:: Your goal ::
Nothing but the lines below from the one with "Taurus Star Yellow" through the one with "日照 | 積雪 | 降雪 |" should be output, each exactly as given, and no pictures.

:: Entries provided ::
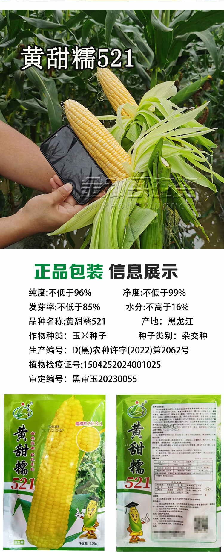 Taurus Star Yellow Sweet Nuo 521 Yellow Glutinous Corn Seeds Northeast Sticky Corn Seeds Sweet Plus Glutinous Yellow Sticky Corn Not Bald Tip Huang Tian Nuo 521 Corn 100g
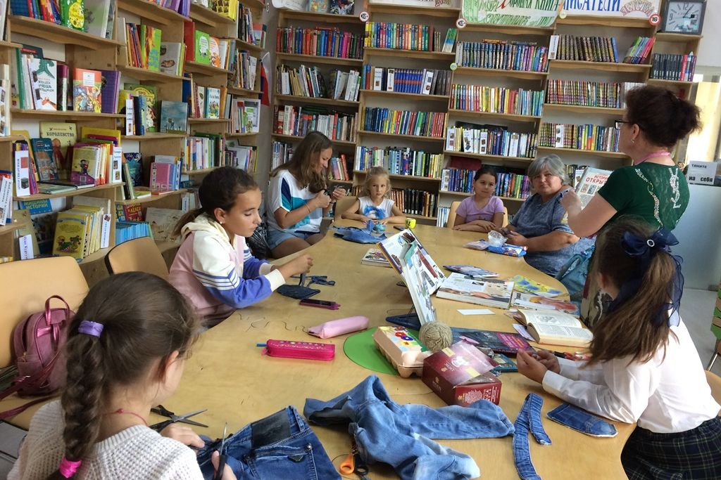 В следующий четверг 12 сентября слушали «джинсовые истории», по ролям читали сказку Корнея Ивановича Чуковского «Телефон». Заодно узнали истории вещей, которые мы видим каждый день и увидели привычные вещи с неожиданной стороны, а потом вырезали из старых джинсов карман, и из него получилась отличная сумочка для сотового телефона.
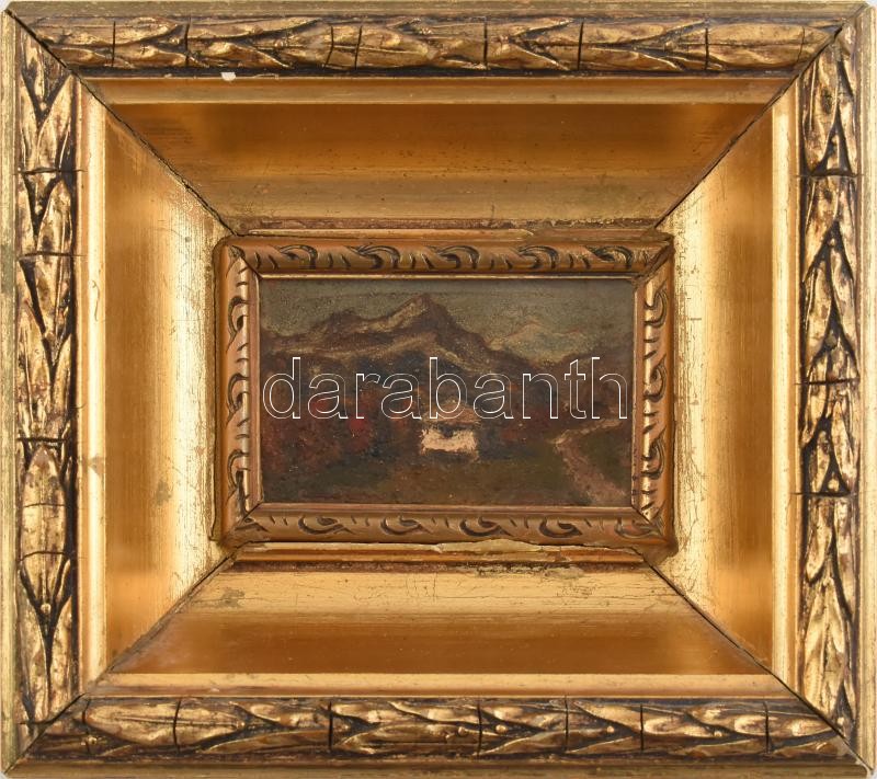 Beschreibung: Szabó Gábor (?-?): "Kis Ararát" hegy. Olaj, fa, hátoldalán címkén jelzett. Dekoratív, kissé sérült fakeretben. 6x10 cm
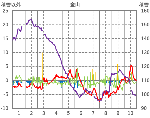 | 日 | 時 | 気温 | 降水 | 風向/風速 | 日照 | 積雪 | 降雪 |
==
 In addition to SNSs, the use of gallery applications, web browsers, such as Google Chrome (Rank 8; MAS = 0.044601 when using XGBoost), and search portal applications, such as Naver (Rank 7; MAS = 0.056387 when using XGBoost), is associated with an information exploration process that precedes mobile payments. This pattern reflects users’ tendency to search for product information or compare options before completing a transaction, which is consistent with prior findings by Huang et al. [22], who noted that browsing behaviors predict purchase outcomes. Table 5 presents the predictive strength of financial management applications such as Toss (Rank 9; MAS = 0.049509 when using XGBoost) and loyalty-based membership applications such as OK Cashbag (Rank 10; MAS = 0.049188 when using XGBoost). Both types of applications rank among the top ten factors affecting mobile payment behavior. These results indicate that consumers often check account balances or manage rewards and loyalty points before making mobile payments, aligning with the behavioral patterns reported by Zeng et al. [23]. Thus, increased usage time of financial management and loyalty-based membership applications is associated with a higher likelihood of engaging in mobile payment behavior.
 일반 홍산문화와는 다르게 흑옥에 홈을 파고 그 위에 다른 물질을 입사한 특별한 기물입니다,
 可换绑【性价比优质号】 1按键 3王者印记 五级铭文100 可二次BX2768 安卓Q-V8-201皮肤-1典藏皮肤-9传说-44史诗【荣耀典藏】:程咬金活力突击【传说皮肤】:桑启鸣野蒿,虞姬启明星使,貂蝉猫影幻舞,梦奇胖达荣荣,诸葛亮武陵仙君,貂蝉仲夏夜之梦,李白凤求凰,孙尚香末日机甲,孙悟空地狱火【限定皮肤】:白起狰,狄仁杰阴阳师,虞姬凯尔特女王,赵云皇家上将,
* * *
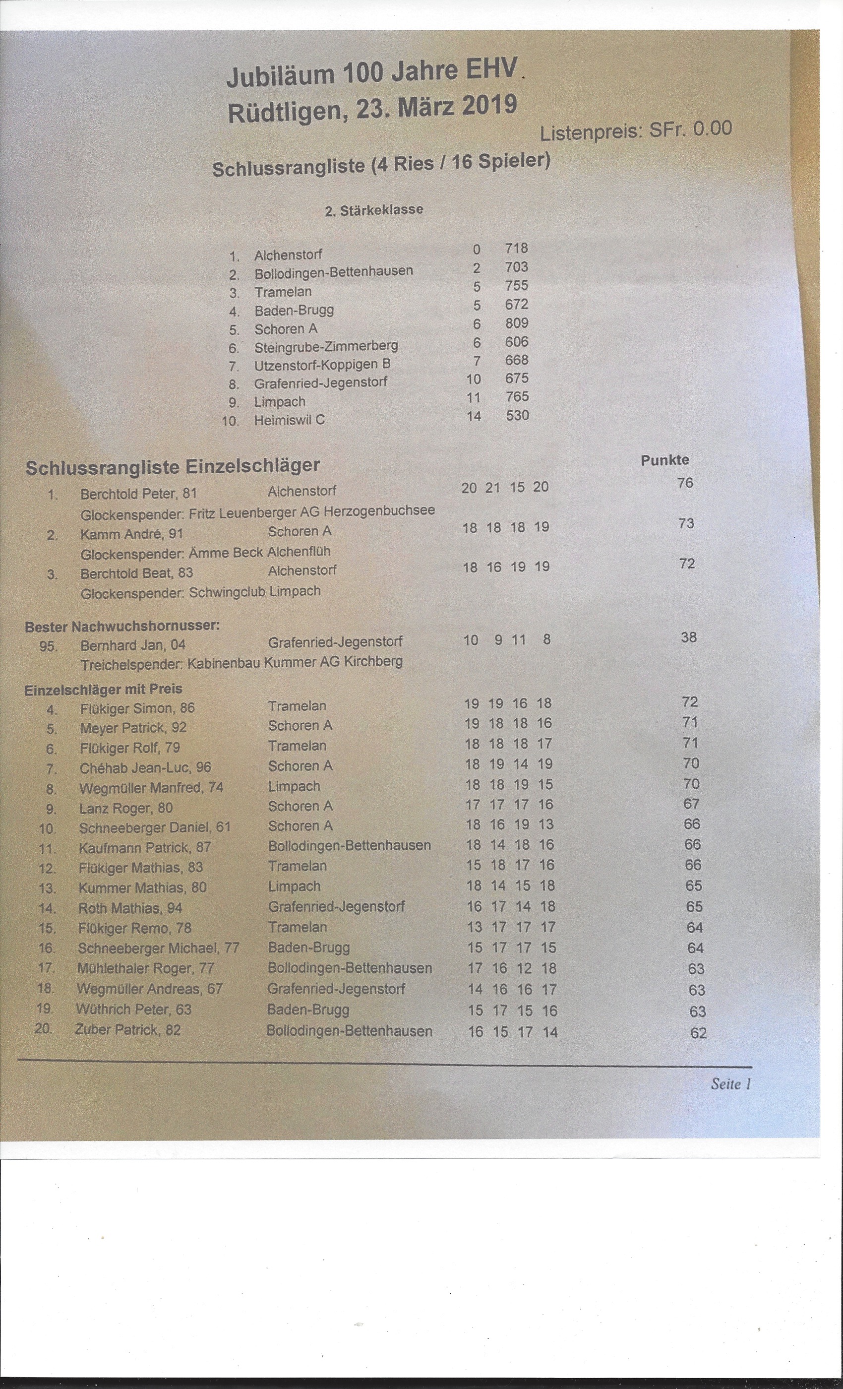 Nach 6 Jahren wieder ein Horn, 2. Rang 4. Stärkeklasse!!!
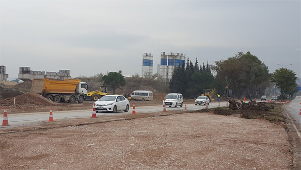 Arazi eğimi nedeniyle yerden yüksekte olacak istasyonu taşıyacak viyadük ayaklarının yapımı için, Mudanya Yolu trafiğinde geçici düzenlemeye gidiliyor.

:: Task result ::
 Taurus Star Yellow Sweet Nuo 521 Yellow Glutinous Corn Seeds Northeast Sticky Corn Seeds Sweet Plus Glutinous Yellow Sticky Corn Not Bald Tip Huang Tian Nuo 521 Corn 100g
 В следующий четверг 12 сентября слушали «джинсовые истории», по ролям читали сказку Корнея Ивановича Чуковского «Телефон». Заодно узнали истории вещей, которые мы видим каждый день и увидели привычные вещи с неожиданной стороны, а потом вырезали из старых джинсов карман, и из него получилась отличная сумочка для сотового телефона.
 Beschreibung: Szabó Gábor (?-?): "Kis Ararát" hegy. Olaj, fa, hátoldalán címkén jelzett. Dekoratív, kissé sérült fakeretben. 6x10 cm
 | 日 | 時 | 気温 | 降水 | 風向/風速 | 日照 | 積雪 | 降雪 |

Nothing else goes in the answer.